In State v. Allen, 362 So.2d 10 (Fla. 1978), this Court looked at the 1977 legislature's failure to include the word "unlawful" in the newly enacted subsection 812.014(1). We held that "unlawful" must be read into the statute because we could find no indication that the legislature intended to eliminate specific criminal intent as an element of the offense proscribed by section 812.014. We did not, however, define the requisite specific intent. The instant cases present us with the opportunity to do so. We agree with the state that, due to the broad language of sections 812.014 and 812.012, the intent meant by subsection 812.014(1) is the intent to deprive, not the intent to permanently deprive. Judge Cobb in his dissent to Baxley and the fourth district in McNeill have also reached this conclusion, and we approve McNeill.
In Bell v. State, 394 So.2d 979 (Fla. 1981), the third district certified a question regarding section 812.13, Florida Statutes (1975), the robbery statute, in which that district court equated the intent to permanently deprive an owner of his property to the specific intent required by section 812.13. By relying on Bell and Allen, several district courts have been led to the opposite conclusion from what we reach in this opinion.

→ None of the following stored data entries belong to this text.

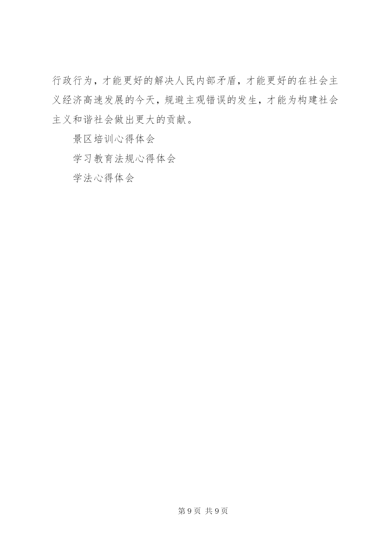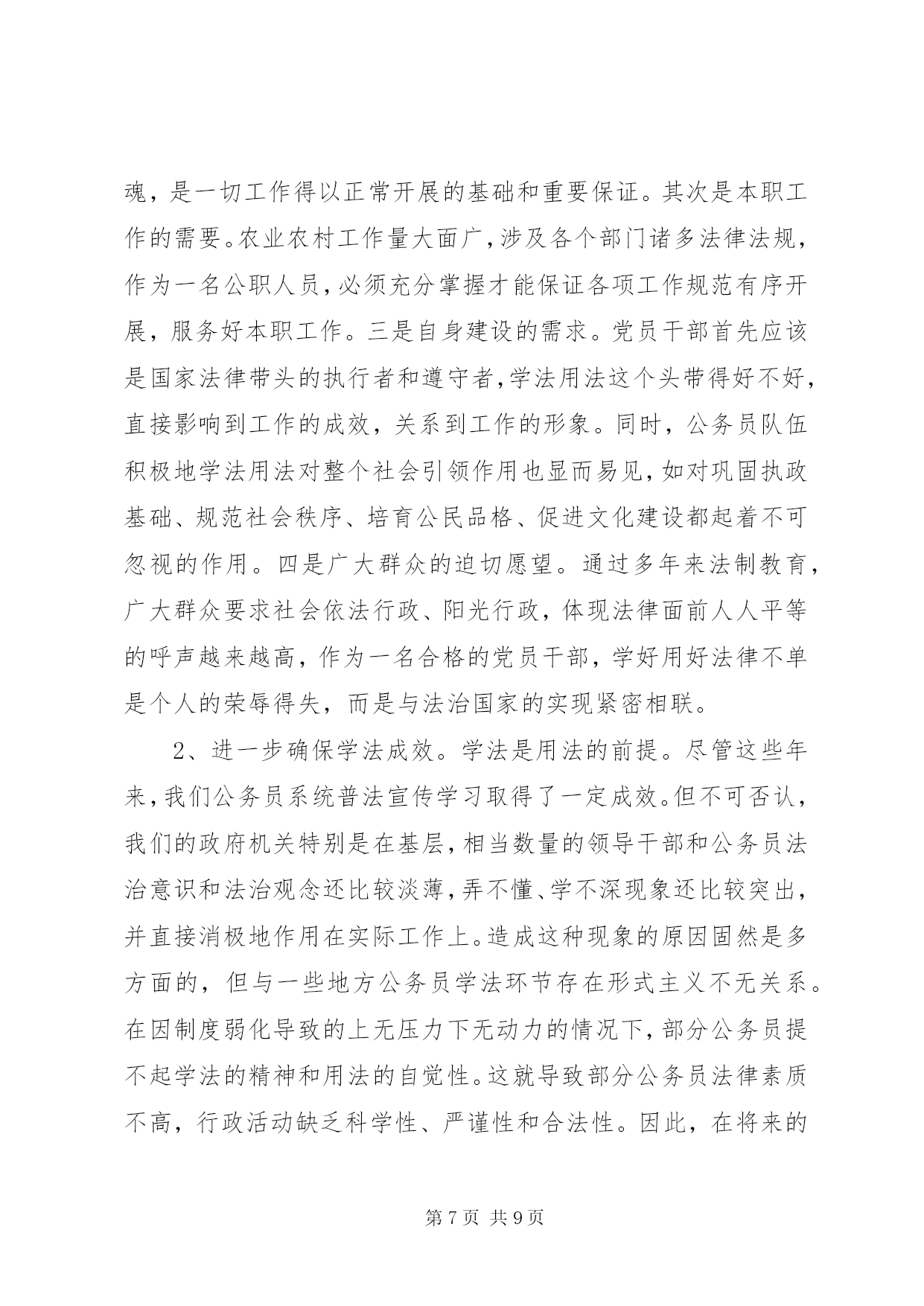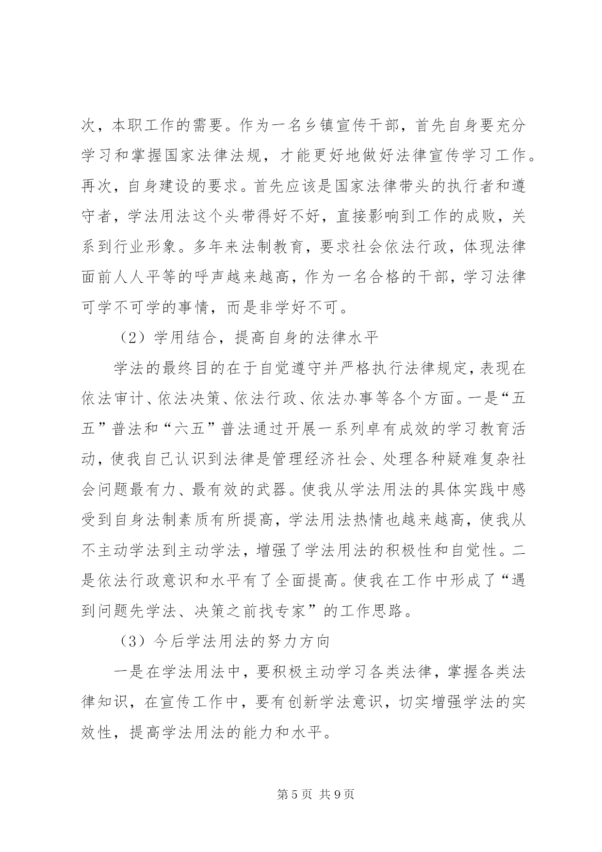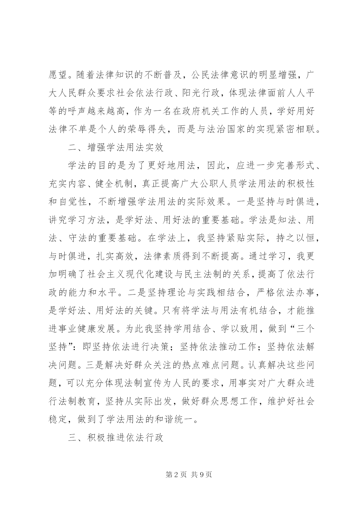 第PAGE\*Arabic\*MERGEFORMAT9页共NUMPAGES\*MERGEFORMAT9页公务员学法心得体会(一)今年是我国进入“六五”普法的第二个年头,经过多年的法制宣传教育,广大人民群众的法制观念、法治意识和法律素质得到了显着提高。然而在当前社会经济发展中,我们更应该清醒地看到,学法用法工作中仍存在不足之处,依法行政的意识和能力与学习实践科学发展观的要求相比还存在着差距。作为一名公务员,更要努力学好法律知识,提高法律意识,不断增强依法办事的能力,下面结合自己本职工作,谈谈学法用法心得体会:一、提升学法用法思想认识提高全民法律意识,推进依法治国、依法行政、建设社会主义法治国家是一项重大而长期的工作。自觉学习、贯彻和宣传法律,关键在于提高思想认识。一是领悟学法的重要性。建设社会主义法治国家是党和国家的基本方略,人民公仆学法用法是执政为民的本质要求,依法行政是政府工作的灵魂,是一切工作得以正常开展的基础和重要保证,因此必须充分掌握所需法律法规才能保证各项工作规范有序开展。二是坚持学法的自觉性。政府机关的工作人员首先应该是国家法律带头的执行者和遵守者,同时,积极地学法用法对整个社会引领作用也显而易见,如对规范社会秩序、培育公民品格、促进文化建设都起着不可忽视的作用,即维护了社会稳定,又促进了经济发展。三是广大人民群众的迫切愿望。随着法律知识的不断普及,公民法律意识的明显增强,广大人民群众要求社会依法行政、阳光行政,体现法律面前人人平等的呼声越来越高,作为一名在政府机关工作的人员,学好用好法律不单是个人的荣辱得失,而是与法治国家的实现紧密相联。二、增强学法用法实效学法的目的是为了更好地用法,因此,应进一步完善形式、充实内容、健全机制,真正提高广大公职人员学法用法的积极性和自觉性,不断增强学法用法的实际效果。一是坚持与时俱进,讲究学习方法,是学好法、用好法的重要基础。学法是知法、用法、守法的重要基础。在学法上,我坚持紧贴实际,持之以恒,与时俱进,扎实高效,法律素质得到不断提高。通过学习,我更加明确了社会主义现代化建设与民主法制的关系,提高了依法行政的能力和水平。二是坚持理论与实践相结合,严格依法办事,是学好法、用好法的关键。只有将学法与用法有机结合,才能推进事业健康发展。为此我坚持学用结合、学以致用,做到“三个坚持”:即坚持依法进行决策;坚持依法推动工作;坚持依法解决问题。三是解决好群众关注的热点难点问题。认真解决这些问题,可以充分体现法制宣传为人民的要求,用事实对广大群众进行法制教育,坚持从实际出发,做好群众思想工作,维护好社会稳定,做到了学法用法的和谐统一。三、积极推进依法行政当前依法治国观念深入人心,政府机关的工作人员作为倡导者和实践者的主力军,一是应把依法行政这根弦绷紧,时刻按照“有法可依、有法必依、执法必严、违法必究”原则行使人民赋予的权力。行政机关要严格按照法定权限和程序行使职权,逐步实现行政行为的规范化和法制化。二是建立和完善行政执法人员学法用法监督制约机制。完善监督措施,加大监督检查和监督力度,每年至少进行一次行政执法人员学法用法检查。三是以用促学,学用结合。行政执法人员要把用法作为学法的着眼点和落脚点,真正做到学用结合,在“学”字上下功夫,在“用”字上出效果,做到规范执法,依法行政。尤其要解决好群众关注的热点难点问题,认真解决这些问题,可以充分体现法制宣传为人民的要求。在经济体制深刻变革、社会结构深刻变动、利益格局深刻调整、思想观念深刻变化的背景下,一旦“法治精神”在人民群众心中被破坏,就很难修复,我们要用事实对广大群众进行法制教育,坚持从实际出发。四、今后学法用法的努力方向一是在学法用法中,要积极主动学习各类法律,掌握各类法律知识,在日常工作中,要有创新学法用法意识,切实增强学法的实效性,提高学法用法的能力和水平。二是在使用法律过程中,要把用法作为学法的着眼点和落脚点,真正做到学以致用,在“学”字上下功夫,在“用”字上出效果,规范树立宪法和法制观念,增强法律素养和专业素质。三是要努力遵循“重大决策依法、开展工作合法、遇到问题找法”这一思路,将法律意识贯穿于整个工作中。公务员学法心得体会(二)依法治国,意味着“人治”到“法治”的迈进,也是一个历史性的伟大变革,它标志着我国民主政治建设的推进,标志着领导和管理方式从经验到科学,从依靠领导个人权力到依靠法律治国的大跨跃。“法令行则国治,法令驰则国乱”。作为其中重要组成部分的政府机构及其公务员更是首当其中,成为这项社会系统工程的核心。作为一名公务员,要带头学好法律知识,努力提高法律意识,不断增强依法决策、依法管理、依法办事的能力。下面我结合自己本职工作,谈谈学法用法心得体会。(1)提高思想认识,充分认识学法用法的重要意义,增强使命感,
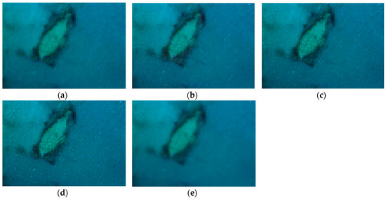 True color fused images of the coastal region: (a) original MS; (b) FIHS; (c) HCS; (d) MTF_GLP_HPM; (e) WAT⊗FRAC with a window size of 27.
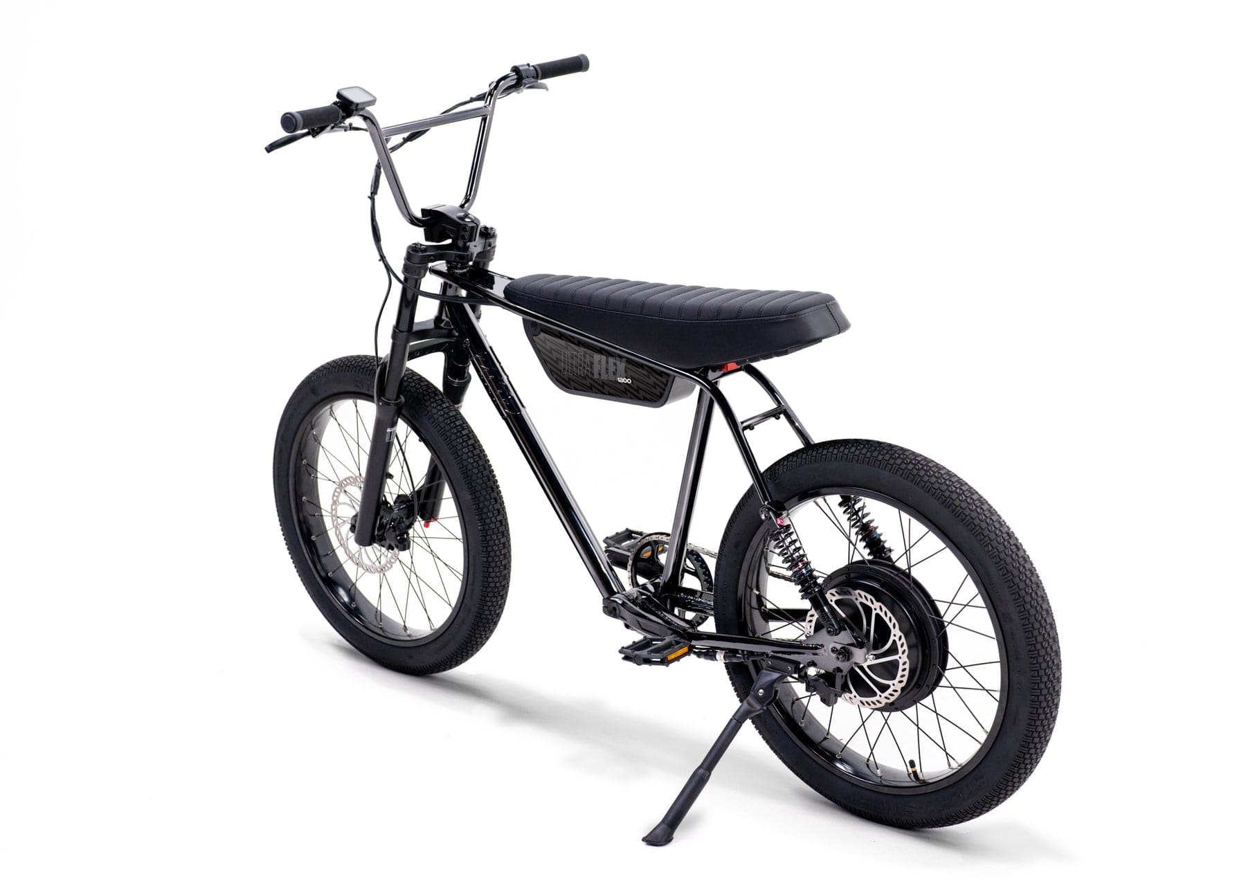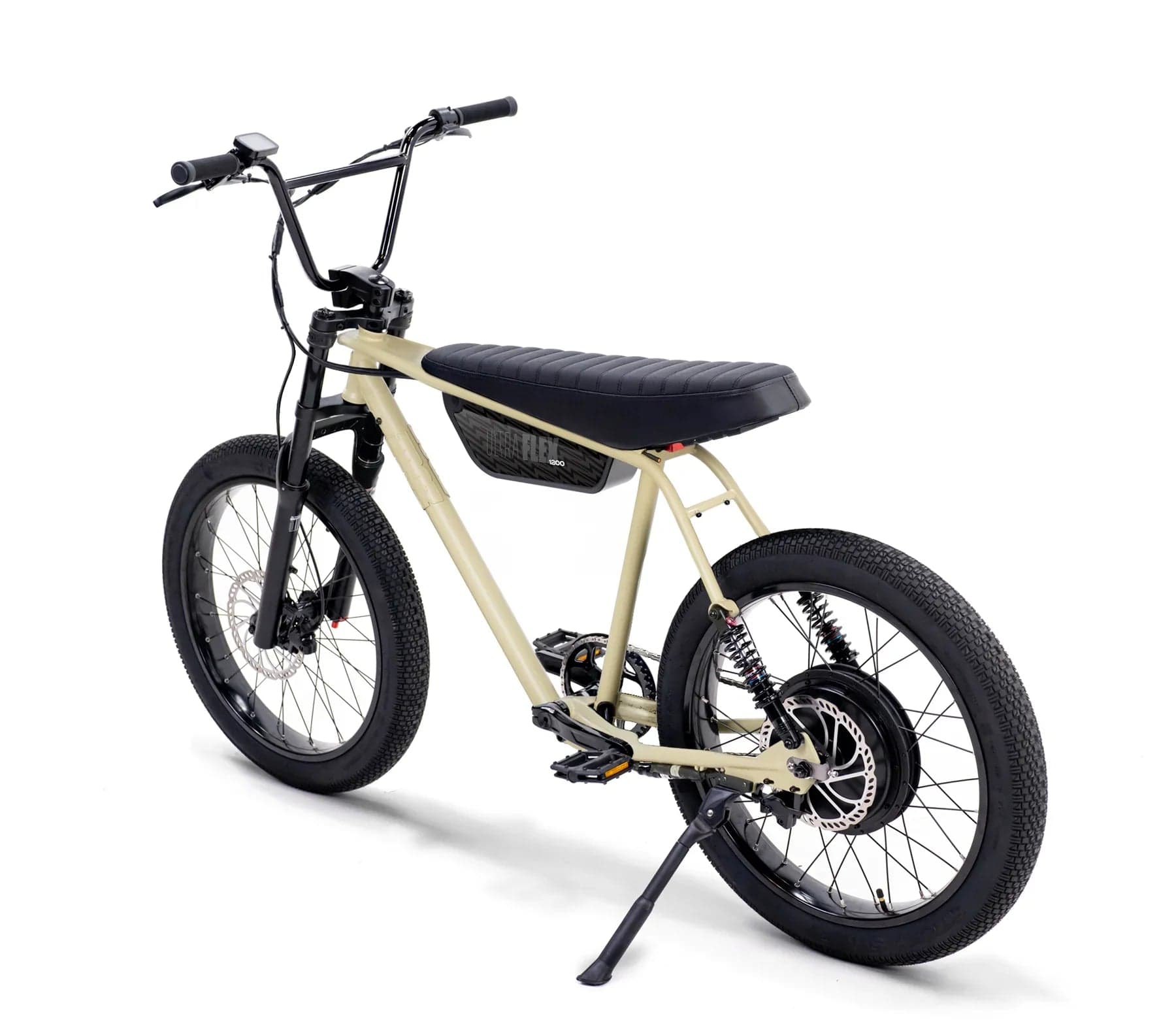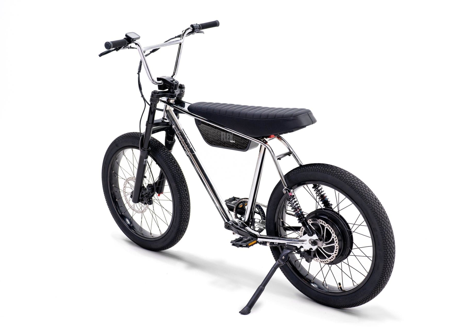 The Ultra Flex is our full-suspension big brother to the Ultra Urban, designed to smooth out bumps and handle jumps with ease. It features a 4130 Chromoly steel frame, sport-tunable front and rear suspension, and oversized puncture-resistant Sticky Sweet tires lined with aramid fiber. It’s perfect for taller riders with a 33.5" seat height, ideal for those between 5'7" and 6'5". The bike packs a powerful 750W Thrillmatic motor and a class-exceeding 25Ah battery, giving you a range of 30+ miles on throttle and up to 45+ miles with pedal assist. It’s all about delivering a thrilling, comfortable ride on and off the pavement.
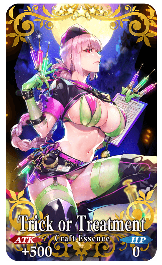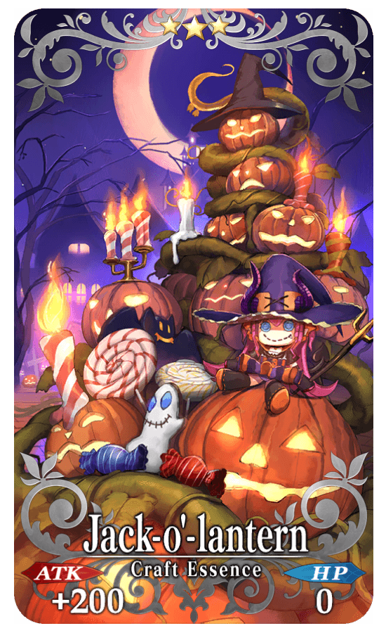 ★★★★★SSR Trick or Treatment ATK 500 (MAX: 2000) HP 0 Skill Increase NP Gain by 25% & Critical Strength by 15% for yourself |
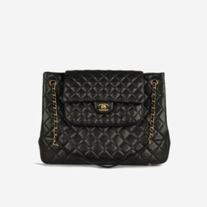 Description Exterior Black quilted caviar leather Antique Gold-tone hardware Flap pocket at the front with CC twistlock closure Slip pocket at rear of bag Interwoven chain / leather shoulder straps Excellent condition – slight colour discolouration to exterior / leather creases to exterior Interior Black calfskin / fabric lining Inner zip pocket Two slip pockets...
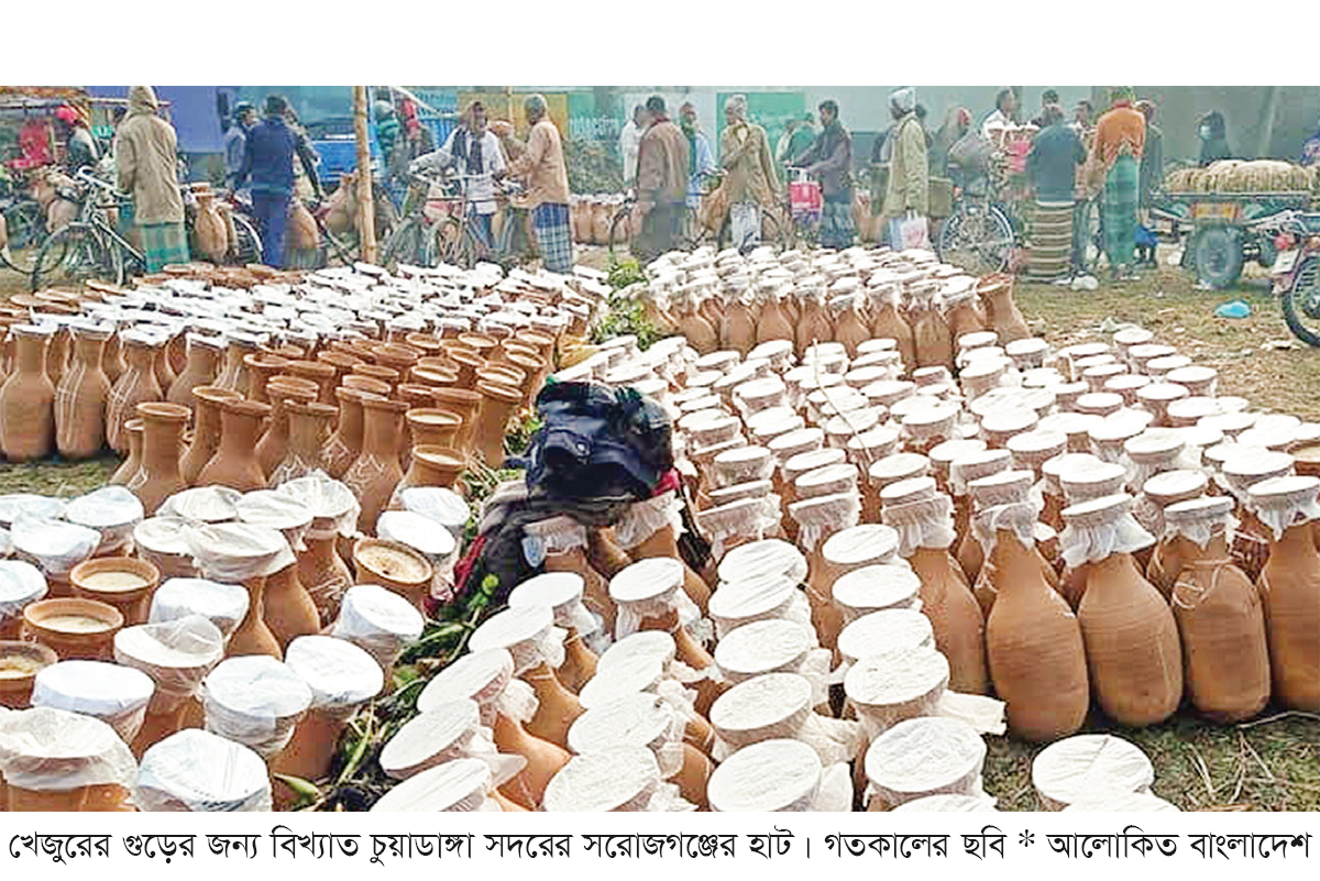 চুয়াডাঙ্গার সদর উপজেলার সরোজগঞ্জ বাজারে জমে উঠেছে দেশের সর্ববৃহৎ ঐতিহ্যবাহী খেজুর গুড়ের হাট। সরোজগঞ্জ বাজার থেকে একটু ভেতরে প্রবেশ করলে চোখে পড়বে বিস্তীর্ণ এলাকাজুড়ে সারি সারি সাজানো গুড়ের ভাঁড়। প্রায় ২০০ বছর ধরে ঐতিহ্যবাহী খেজুর গুড়ের এ হাটের নামডাক দেশজুড়ে। সেই সঙ্গে ক্রেতা-বিক্রেতা ও শ্রমিকদের কর্মযজ্ঞ। প্রতি বছরের মতো এবারও দেশের বৃহৎ ঐতিহ্যবাহী খেজুর গুড়ের হাট জমে উঠেছে সরোজগঞ্জে। গুড় কিনতে বিভিন্ন জেলা থেকে আসছেন বেপারিরা। সপ্তাহে শুক্র ও সোমবার বসে এ হাট। খেজুরগাছ থেকে সংগ্রহ করা রস দিয়ে তৈরি ঝোলাগুড় ও নলেন পাটালি বেচাকেনার জন্য এই হাটের ঐতিহ্য প্রায় ২০০ বছরের। চুয়াডাঙ্গা জেলার সদর উপজেলার কুতুবপুর ইউনিয়নের সরোজগঞ্জে চুয়াডাঙ্গা-ঝিনাইদহ আঞ্চলিক মহাসড়ক ঘেঁষে স্থানীয় সরোজগঞ্জ উচ্চ বিদ্যালয়ের মাঠে এই হাটের অবস্থান। সকাল থেকে সন্ধ্যা পর্যন্ত চলে বেচাকেনা। প্রতি সপ্তাহে কয়েক কোটি টাকার গুড় কেনাবেচা হয়। মাটির হাঁড়ি বা ভাঁড়ের আকার ও ওজনভেদে দাম ওঠানামা করে। মানভেদে এক ভাঁড় গুড় বিক্রি হচ্ছে ১ হাজার ৮০০ থেকে ২ হাজার ২০০ টাকায়। স্বাদে ও গন্ধে এখানকার গুড় অতুলনীয়। এখানকার খেজুর গুড়ের চাহিদা বেশি থাকায় দামও বাড়ছে। গতকাল শুক্রবার সকালে সরোজগঞ্জ বাজারে গুড়ের হাট সরেজমিনে দেখা যায়, পুরো এলাকায় সাজানো খেজুর গুড়ভর্তি মাটির ভাঁড় এবং ছোট ছোট ধামা-কাঠায় নলেন পাটালি। ক্রেতা-দর্শনার্থীরা ঘুরে ঘুরে দেখছেন। দরদাম করছেন ক্রেতারা। দামে বনিবনা হলে ওজন করে ভর্তি করা হচ্ছে ট্রাক। আবার কেউ কেউ নিজের বাড়ি বা আত্মীয়ের বাড়ি পাঠানোর জন্য চাহিদা অনুযায়ী কিনছেন গুড় কিংবা পাটালি।

See, e.g., Baxley; Dunmann; Faison; Hilty. While section 812.13 deals with a similar subject, we do not find that chapter 77-342 had an impact on that section. By the same token section 812.13 has no impact on the sections involved in this opinion. Therefore, we find Bell to have no effect on the instant case.
We quash Baxley and Dunmann and remand for the district court to issue orders consistent with this opinion.
It is so ordered.
ALDERMAN, C.J., and ADKINS, BOYD, OVERTON and EHRLICH, JJ., concur.